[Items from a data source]
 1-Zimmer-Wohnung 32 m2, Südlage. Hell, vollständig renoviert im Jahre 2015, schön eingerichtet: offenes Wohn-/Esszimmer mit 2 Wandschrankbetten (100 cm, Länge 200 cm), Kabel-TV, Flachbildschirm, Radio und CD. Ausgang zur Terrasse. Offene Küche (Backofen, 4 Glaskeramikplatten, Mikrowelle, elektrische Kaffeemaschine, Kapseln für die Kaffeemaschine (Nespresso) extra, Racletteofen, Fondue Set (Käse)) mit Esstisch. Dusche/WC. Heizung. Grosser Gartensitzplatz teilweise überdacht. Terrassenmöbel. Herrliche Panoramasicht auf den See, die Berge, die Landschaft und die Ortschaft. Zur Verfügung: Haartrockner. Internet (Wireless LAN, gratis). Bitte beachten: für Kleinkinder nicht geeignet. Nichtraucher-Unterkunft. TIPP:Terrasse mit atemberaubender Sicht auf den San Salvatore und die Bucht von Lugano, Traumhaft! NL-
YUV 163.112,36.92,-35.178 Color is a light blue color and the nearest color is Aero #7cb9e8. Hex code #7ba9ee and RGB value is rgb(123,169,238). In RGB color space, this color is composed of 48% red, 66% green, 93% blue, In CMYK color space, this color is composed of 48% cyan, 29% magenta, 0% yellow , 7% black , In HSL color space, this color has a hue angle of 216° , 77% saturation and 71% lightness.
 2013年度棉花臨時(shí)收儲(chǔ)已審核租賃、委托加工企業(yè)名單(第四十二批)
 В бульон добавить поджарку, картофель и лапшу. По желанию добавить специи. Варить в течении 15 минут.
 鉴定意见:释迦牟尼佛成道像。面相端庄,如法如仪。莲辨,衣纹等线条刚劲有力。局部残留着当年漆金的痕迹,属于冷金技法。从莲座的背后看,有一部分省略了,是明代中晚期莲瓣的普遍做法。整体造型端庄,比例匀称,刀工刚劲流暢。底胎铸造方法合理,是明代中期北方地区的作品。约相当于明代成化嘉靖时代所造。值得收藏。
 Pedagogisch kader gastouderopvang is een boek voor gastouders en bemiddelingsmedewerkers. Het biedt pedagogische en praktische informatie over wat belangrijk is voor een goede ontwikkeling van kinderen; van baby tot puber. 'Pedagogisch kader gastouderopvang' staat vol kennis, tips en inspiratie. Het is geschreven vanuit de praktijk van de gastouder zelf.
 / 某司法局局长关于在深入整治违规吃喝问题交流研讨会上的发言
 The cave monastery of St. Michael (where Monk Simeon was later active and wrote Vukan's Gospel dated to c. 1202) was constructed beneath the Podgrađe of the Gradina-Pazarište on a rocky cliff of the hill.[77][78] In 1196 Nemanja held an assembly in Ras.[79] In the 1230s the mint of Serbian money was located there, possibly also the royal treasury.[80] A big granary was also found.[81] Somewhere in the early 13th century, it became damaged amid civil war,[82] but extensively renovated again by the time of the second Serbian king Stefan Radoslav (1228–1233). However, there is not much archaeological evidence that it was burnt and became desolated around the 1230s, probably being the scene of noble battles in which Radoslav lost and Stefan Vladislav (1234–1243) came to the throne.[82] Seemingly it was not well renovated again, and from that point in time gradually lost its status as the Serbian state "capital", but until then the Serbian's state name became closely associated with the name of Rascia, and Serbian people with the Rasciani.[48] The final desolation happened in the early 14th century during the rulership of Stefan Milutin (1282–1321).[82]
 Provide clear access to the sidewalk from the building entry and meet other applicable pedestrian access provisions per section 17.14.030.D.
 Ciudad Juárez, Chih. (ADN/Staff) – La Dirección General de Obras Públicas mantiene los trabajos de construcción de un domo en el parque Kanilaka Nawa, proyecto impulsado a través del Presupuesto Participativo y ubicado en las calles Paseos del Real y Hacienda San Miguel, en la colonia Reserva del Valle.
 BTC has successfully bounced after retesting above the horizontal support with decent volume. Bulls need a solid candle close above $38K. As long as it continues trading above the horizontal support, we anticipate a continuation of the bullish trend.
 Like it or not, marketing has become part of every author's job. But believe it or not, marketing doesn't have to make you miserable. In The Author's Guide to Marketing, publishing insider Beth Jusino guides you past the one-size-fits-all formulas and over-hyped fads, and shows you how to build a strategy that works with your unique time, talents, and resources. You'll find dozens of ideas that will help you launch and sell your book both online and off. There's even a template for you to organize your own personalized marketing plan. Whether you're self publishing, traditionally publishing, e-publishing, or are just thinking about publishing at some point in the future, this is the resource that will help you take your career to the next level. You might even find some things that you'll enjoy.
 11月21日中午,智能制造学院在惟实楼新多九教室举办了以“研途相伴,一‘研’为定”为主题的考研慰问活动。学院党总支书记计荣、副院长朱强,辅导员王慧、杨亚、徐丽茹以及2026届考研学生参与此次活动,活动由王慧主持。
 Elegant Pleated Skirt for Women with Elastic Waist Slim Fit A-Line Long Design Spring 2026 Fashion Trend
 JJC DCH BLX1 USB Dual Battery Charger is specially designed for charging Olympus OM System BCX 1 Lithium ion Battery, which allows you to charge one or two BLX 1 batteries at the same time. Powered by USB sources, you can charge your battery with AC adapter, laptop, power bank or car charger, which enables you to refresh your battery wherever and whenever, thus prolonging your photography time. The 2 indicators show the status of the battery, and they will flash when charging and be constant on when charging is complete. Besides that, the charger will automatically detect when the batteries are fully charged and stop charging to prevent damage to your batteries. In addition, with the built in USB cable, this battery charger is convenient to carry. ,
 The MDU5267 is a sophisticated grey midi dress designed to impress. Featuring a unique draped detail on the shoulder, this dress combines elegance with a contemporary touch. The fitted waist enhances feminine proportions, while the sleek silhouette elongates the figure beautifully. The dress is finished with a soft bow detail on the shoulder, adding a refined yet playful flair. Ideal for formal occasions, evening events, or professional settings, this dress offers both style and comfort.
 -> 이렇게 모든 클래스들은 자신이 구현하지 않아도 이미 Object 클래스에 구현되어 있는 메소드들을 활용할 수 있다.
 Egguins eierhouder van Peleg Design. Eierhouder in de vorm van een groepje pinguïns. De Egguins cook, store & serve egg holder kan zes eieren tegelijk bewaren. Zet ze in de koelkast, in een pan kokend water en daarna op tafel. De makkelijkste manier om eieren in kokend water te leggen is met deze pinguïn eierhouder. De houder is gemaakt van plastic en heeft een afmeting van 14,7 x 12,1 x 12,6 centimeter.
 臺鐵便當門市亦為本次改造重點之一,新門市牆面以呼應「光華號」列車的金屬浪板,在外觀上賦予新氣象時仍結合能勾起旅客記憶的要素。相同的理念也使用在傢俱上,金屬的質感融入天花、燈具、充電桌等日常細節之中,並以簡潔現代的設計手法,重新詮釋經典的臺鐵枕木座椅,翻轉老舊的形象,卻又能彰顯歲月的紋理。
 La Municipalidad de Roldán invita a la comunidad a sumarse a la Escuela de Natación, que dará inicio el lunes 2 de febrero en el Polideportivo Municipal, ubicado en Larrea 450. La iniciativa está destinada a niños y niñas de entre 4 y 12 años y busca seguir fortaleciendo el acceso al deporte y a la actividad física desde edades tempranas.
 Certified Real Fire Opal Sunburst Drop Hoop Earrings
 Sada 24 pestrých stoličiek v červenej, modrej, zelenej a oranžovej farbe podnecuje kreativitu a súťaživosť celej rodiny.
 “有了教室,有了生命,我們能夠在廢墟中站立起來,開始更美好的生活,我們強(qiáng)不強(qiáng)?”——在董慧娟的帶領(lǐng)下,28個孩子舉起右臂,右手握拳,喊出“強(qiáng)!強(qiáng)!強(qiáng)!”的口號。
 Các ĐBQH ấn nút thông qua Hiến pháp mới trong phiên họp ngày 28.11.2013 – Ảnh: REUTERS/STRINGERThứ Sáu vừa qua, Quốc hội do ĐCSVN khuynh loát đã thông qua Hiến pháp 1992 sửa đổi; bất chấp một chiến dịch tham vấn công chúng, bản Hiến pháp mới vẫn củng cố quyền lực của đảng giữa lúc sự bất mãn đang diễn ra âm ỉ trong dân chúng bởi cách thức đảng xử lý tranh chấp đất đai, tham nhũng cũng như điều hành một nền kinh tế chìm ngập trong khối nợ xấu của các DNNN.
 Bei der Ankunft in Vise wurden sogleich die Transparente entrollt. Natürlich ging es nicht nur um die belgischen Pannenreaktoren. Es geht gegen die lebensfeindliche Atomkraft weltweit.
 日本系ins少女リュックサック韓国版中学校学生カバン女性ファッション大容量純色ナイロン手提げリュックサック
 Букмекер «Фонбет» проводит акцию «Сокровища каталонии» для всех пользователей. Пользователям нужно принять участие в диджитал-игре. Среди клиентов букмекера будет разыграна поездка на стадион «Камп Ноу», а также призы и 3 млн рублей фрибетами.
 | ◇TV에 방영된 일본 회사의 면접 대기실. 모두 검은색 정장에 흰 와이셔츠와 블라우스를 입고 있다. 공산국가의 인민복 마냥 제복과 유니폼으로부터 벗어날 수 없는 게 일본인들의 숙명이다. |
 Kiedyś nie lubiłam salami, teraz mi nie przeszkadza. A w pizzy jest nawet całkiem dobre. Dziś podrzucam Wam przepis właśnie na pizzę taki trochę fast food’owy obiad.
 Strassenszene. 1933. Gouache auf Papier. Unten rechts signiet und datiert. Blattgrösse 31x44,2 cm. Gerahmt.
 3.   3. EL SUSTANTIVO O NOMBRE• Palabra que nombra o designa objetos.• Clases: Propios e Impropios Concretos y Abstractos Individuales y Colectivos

*WORK INSTRUCTION*
Retype exactly the lines of the data above that fall between the line with "Ciudad Juárez, Chih." and the line with "BTC has successfully", inclusive, and add nothing.

*ANSWER TO THE EXERCISE*
 Ciudad Juárez, Chih. (ADN/Staff) – La Dirección General de Obras Públicas mantiene los trabajos de construcción de un domo en el parque Kanilaka Nawa, proyecto impulsado a través del Presupuesto Participativo y ubicado en las calles Paseos del Real y Hacienda San Miguel, en la colonia Reserva del Valle.
 BTC has successfully bounced after retesting above the horizontal support with decent volume. Bulls need a solid candle close above $38K. As long as it continues trading above the horizontal support, we anticipate a continuation of the bullish trend.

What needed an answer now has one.